# EXERCISE AIM
Please write out only the lines from the line with "スプラッシュ・マウンテンの入" to the line with "These keychains feature", inclusive, exactly as they stand below, without the pictures.

# INPUT RECORDS
☆ ☆ ☆ ☆

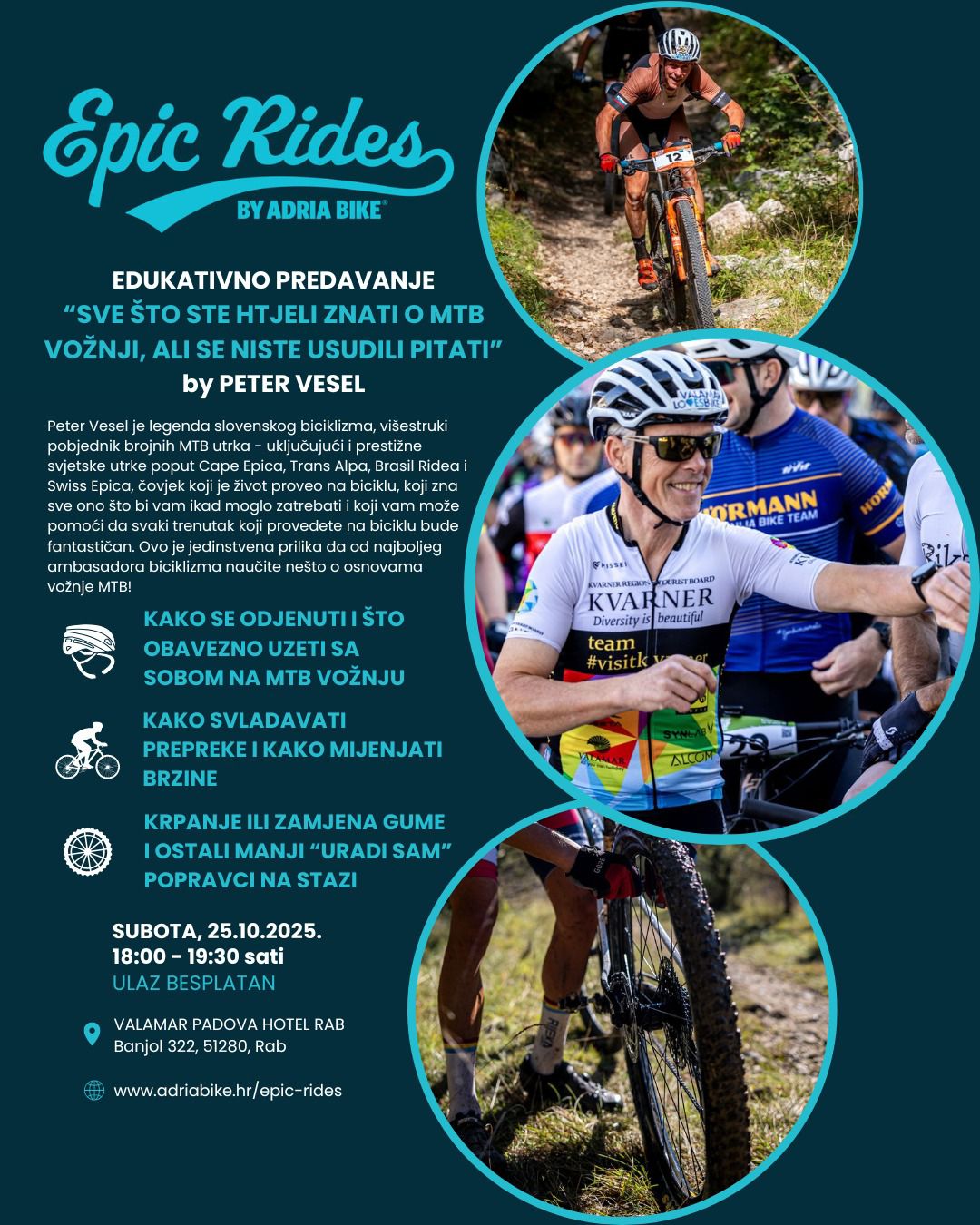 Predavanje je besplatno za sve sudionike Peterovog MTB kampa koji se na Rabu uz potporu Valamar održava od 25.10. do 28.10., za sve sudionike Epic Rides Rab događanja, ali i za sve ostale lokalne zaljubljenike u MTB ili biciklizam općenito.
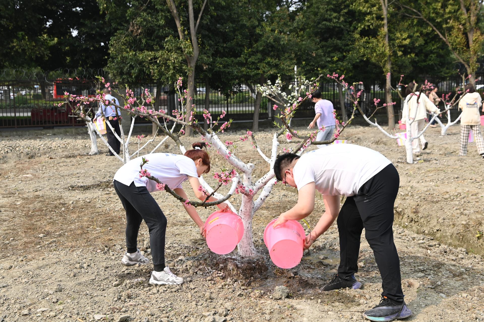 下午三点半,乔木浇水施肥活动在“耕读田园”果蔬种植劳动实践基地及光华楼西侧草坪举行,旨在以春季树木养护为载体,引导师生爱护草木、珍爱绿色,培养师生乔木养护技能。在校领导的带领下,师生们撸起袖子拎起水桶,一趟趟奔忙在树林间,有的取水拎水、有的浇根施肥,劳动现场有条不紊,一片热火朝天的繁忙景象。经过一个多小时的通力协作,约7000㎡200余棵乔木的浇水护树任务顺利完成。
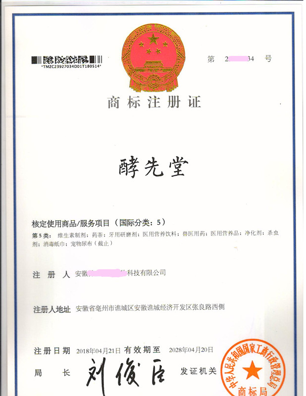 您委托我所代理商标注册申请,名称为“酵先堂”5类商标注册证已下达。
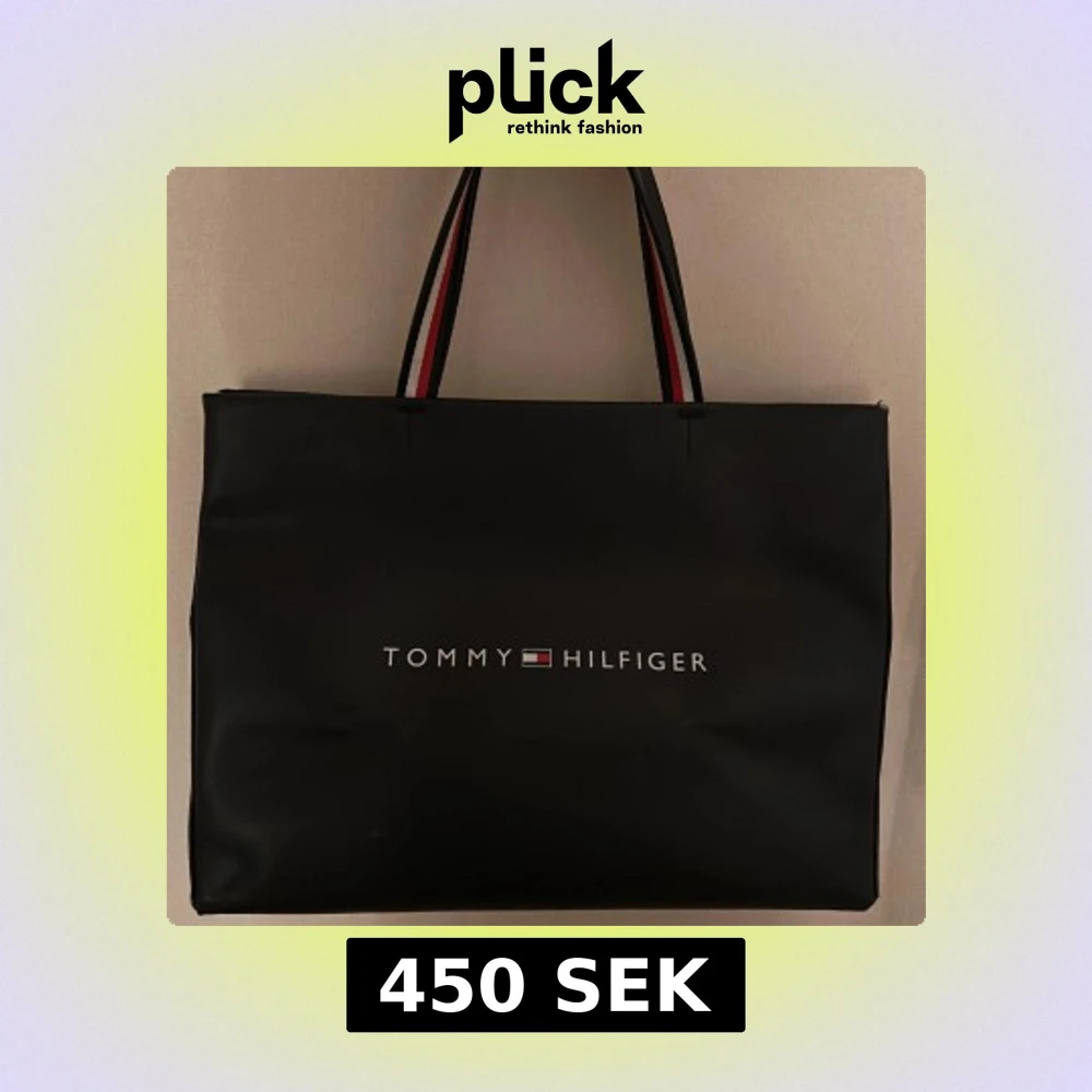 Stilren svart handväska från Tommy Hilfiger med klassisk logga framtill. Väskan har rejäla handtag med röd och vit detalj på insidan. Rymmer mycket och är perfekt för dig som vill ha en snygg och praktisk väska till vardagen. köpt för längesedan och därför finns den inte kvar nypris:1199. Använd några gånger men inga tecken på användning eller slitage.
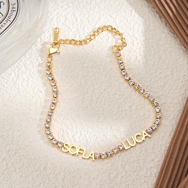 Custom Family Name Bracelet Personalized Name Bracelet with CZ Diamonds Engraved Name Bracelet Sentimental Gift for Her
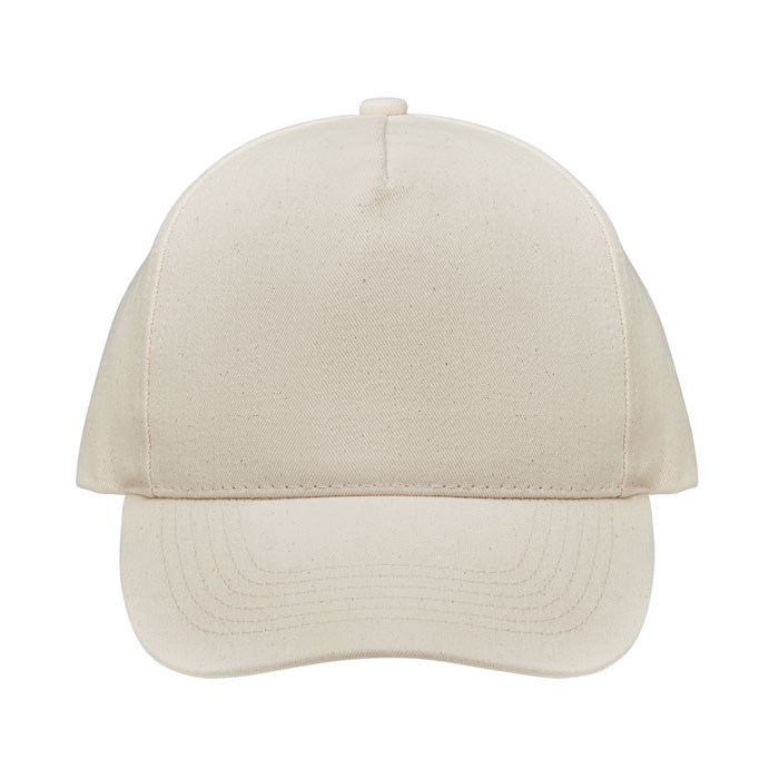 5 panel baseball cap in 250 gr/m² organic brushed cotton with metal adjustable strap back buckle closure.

☆ ☆ ☆ ☆

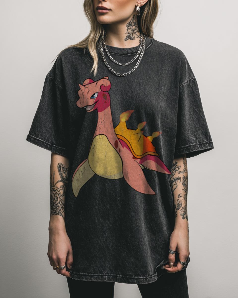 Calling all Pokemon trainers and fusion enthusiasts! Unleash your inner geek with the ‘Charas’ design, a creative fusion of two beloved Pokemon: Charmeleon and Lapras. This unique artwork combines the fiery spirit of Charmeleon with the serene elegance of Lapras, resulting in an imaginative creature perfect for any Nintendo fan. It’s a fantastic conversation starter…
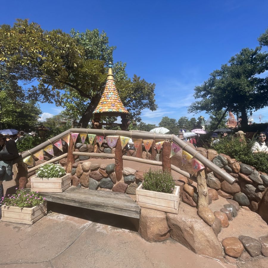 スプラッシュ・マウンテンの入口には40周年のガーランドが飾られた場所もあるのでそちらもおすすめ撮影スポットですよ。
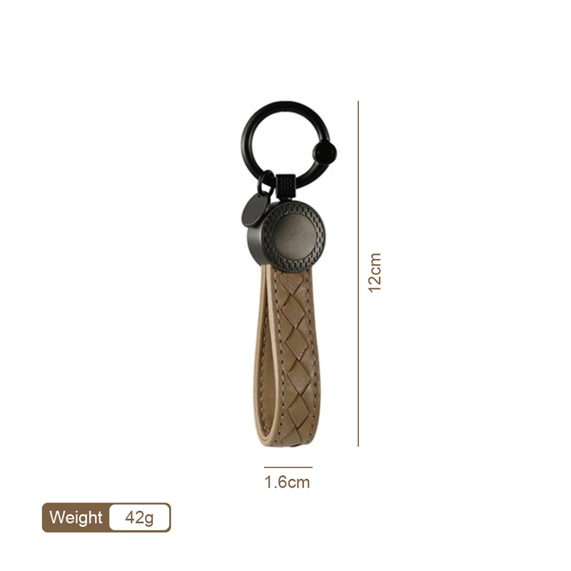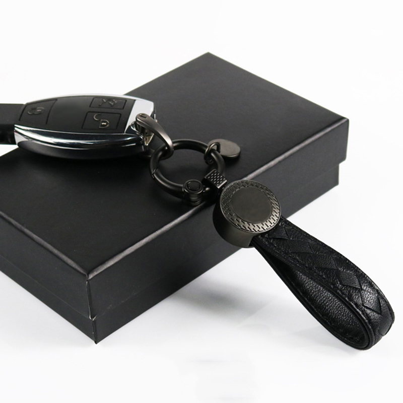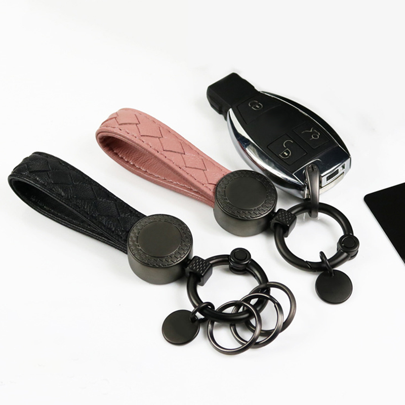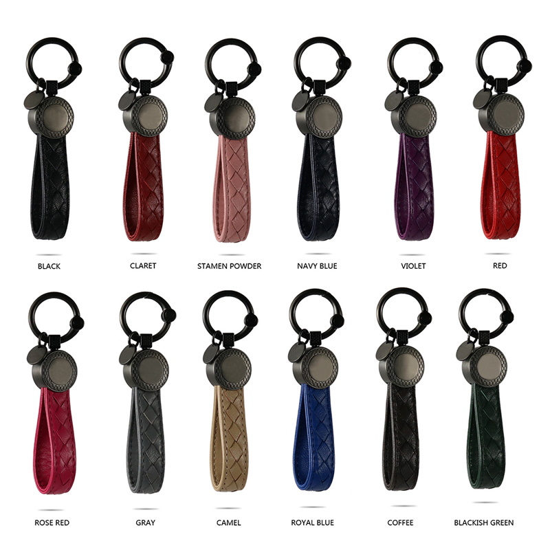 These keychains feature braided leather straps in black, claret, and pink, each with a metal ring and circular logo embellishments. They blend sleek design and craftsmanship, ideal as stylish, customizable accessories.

☆ ☆ ☆ ☆

# PROBLEM SOLUTION
 スプラッシュ・マウンテンの入口には40周年のガーランドが飾られた場所もあるのでそちらもおすすめ撮影スポットですよ。
 These keychains feature braided leather straps in black, claret, and pink, each with a metal ring and circular logo embellishments. They blend sleek design and craftsmanship, ideal as stylish, customizable accessories.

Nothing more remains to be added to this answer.